# mpirun Startup

[![View Source On Gitee](https://mindspore-website.obs.cn-north-4.myhuaweicloud.com/website-images/master/resource/_static/logo_source_en.svg)](https://gitee.com/mindspore/docs/blob/master/tutorials/experts/source_en/parallel/mpirun.md)

## Overview

Open Message Passing Interface (OpenMPI) is an open source, high-performance message-passing programming library for parallel computing and distributed memory computing, which realizes parallel computing by passing messages between different processes for many scientific computing and machine learning tasks.

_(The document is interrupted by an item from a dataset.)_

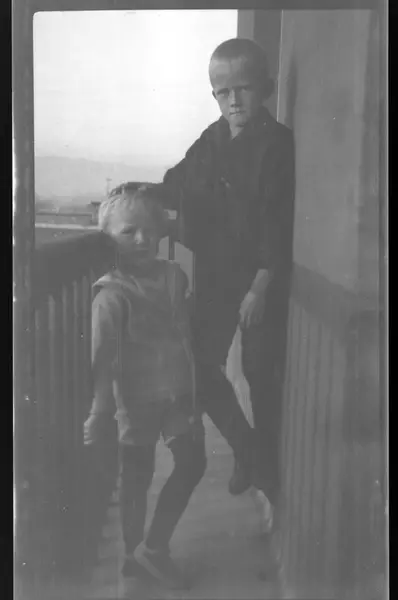 Fetterne Julius og Bjarne H. Sundt poserer i Thomas Heftyes gate 42E i 1920.

Parallel training with OpenMPI is a generalized approach to accelerate the training process by utilizing parallel computing resources on computing clusters or multi-core machines. OpenMPI serves the function of synchronizing data on the Host side as well as inter-process networking in distributed training scenarios.

Unlike rank table startup, the user does not need to configure the `RANK_TABLE_FILE` environment variable to run the script via OpenMPI `mpirun` command on the Ascend hardware platform.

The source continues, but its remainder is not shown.